═════ Dataset excerpts ═════

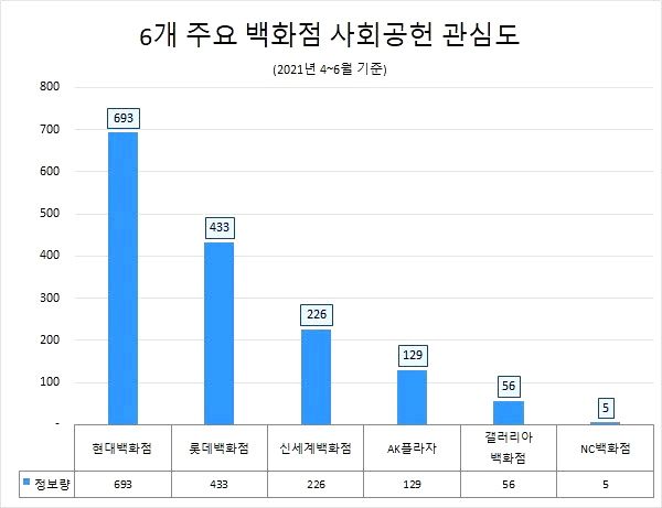 해당 기간 '사회공헌', '성금', '기부', '봉사', '취약계층', '불우', '기탁' 키워드를 담아 작성한 게시글이 가장 많은 백화점은 현대백화점으로 총 693건 검색됐다.
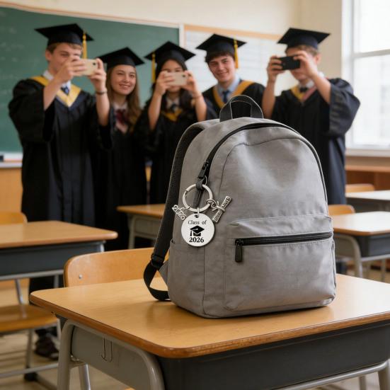 Construcción de acero inoxidable de primera calidad.: Fabricado en acero inoxidable de alta calidad, este colgante para llavero ofrece una durabilidad excepcional y un acabado elegante y pulido.. Resistente al óxido y al deslustre, mantiene su brillo con el tiempo, lo que lo convierte en un recuerdo duradero para la Promoción de 2026.. Su material resistente garantiza un uso diario sin desgaste, perfecto para sujetar las llaves de forma segura mientras simboliza el logro.
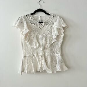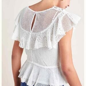 Anthropologie Ranna Gill Mesh White Peplum Top
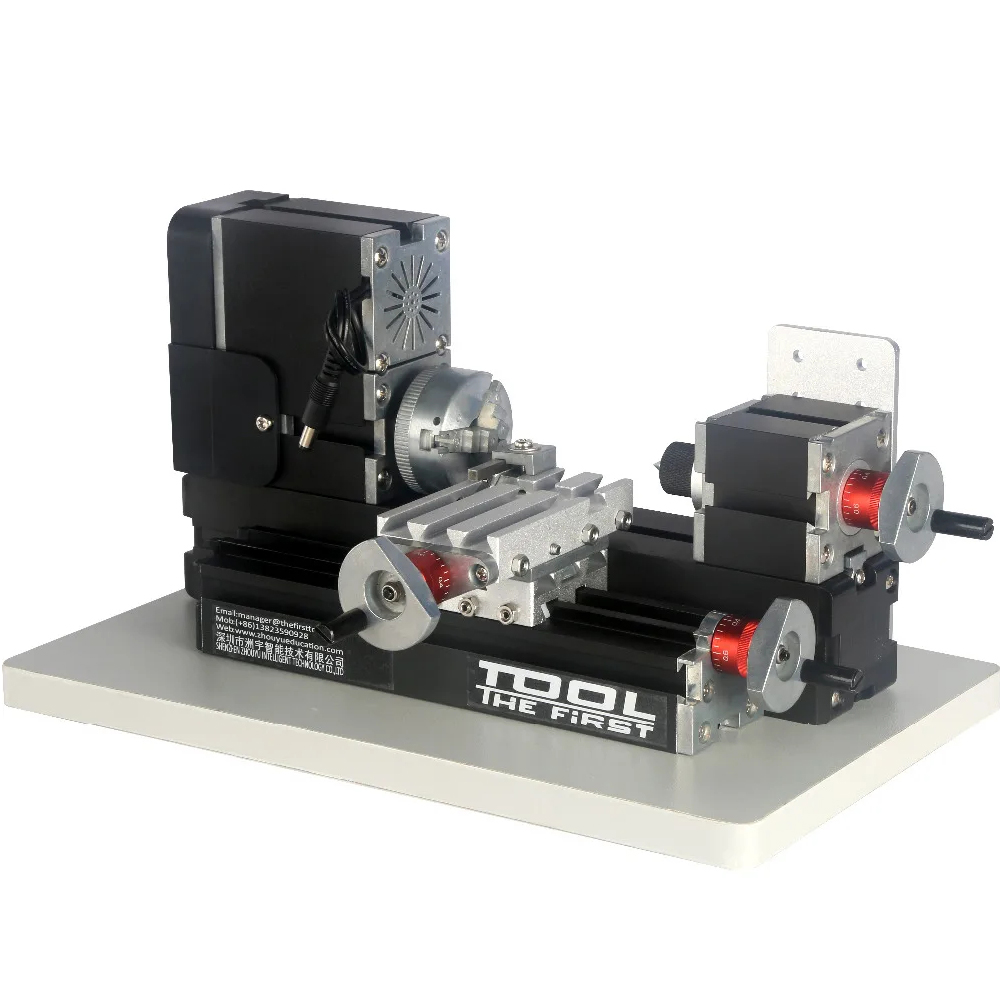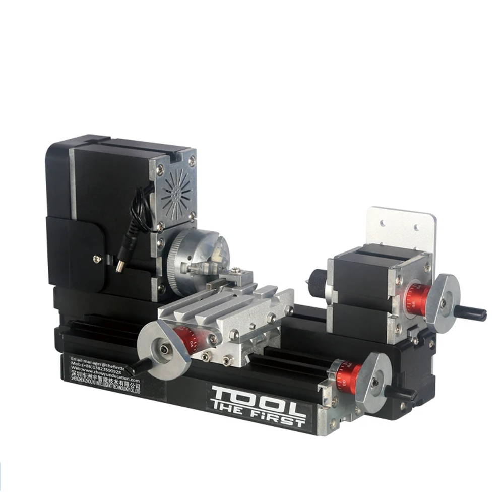 Spécifications:1. Vitesse du moteur: 12 000 tr / min 2. Tension d’entrée / courant / puissance: 12VDC / 5A / 60W 3. Diamètre maximum du matériau de travail: 20 mm 4. Longueur du matériau: 135 mm 5. Déplacement du curseur de l’axe Z: 32 mm Déplacement du curseur de l’axe X: 145 mm 6. Matériau de travail: plastique de lignine, métal mou (or, argent, cuivre, aluminium, etc.), acrylique, plastique, etc. 7. Avec une ligne d’échelle de 0,02 mm, la molette augmente la précision lors du traitement. 8. Puissance du moteur: 144W
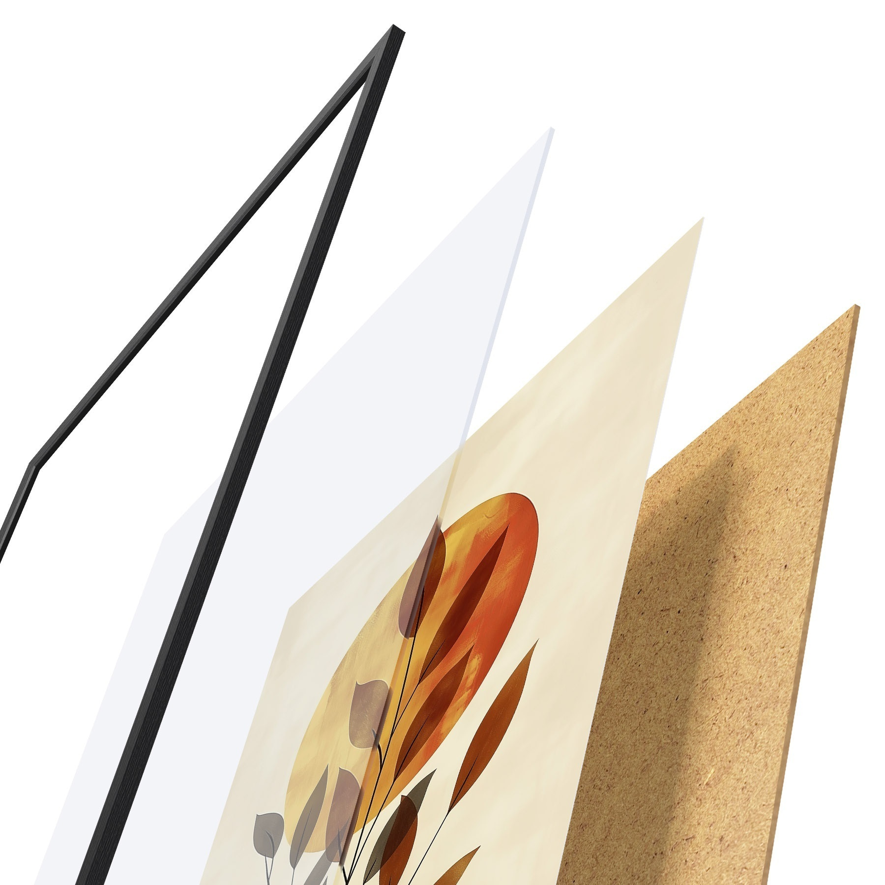 Das Poster besteht aus einem Rahmen, Plexiglas, einem gedruckten Bild und einer Rückwand aus Spanplatten. Dank der Halterungen auf der Rückseite kann das Poster sofort an die Wand gehängt werden.
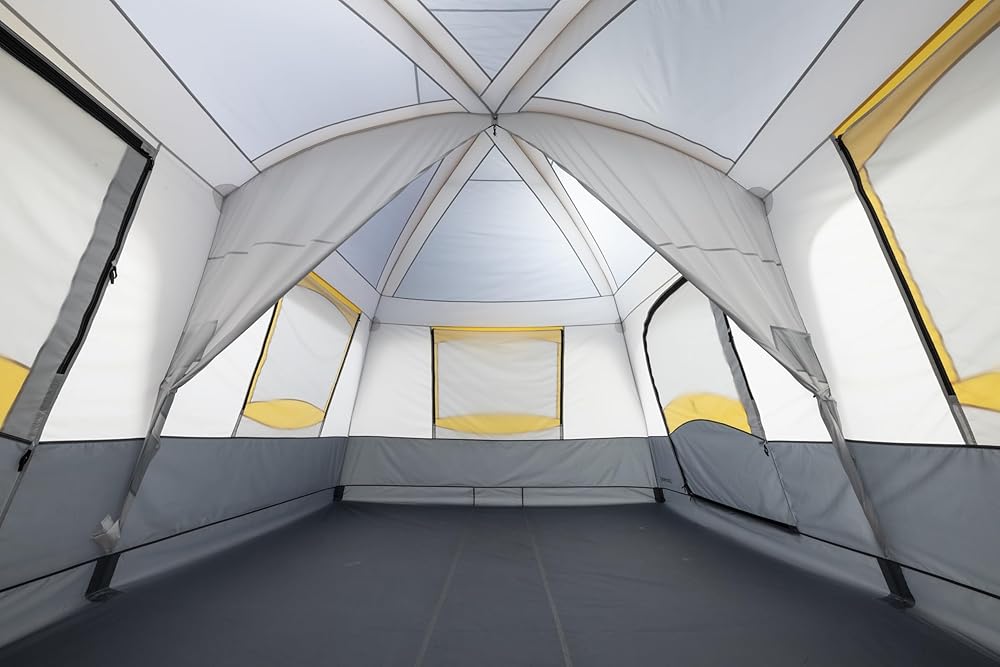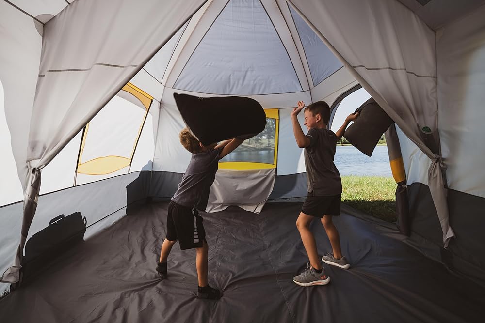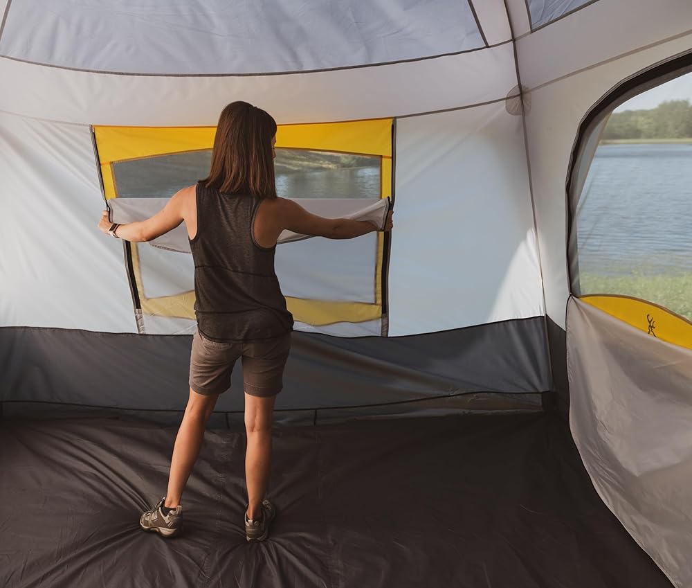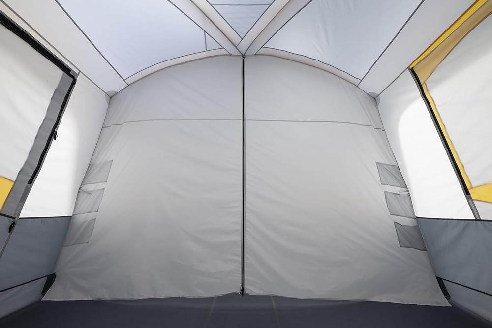 LARGE DOORS: easy entry with awnings over doors for extra weather protection; OPTIONAL ROOM DIVIDER: wall divider splits tent in half for two usable spaces

═════

_How to complete this task:_
Everything from the line with "Das Poster besteht" through the last line of the listing above is to be copied exactly, both ends included, except the pictures.

_Output of the task:_
 Das Poster besteht aus einem Rahmen, Plexiglas, einem gedruckten Bild und einer Rückwand aus Spanplatten. Dank der Halterungen auf der Rückseite kann das Poster sofort an die Wand gehängt werden.
 LARGE DOORS: easy entry with awnings over doors for extra weather protection; OPTIONAL ROOM DIVIDER: wall divider splits tent in half for two usable spaces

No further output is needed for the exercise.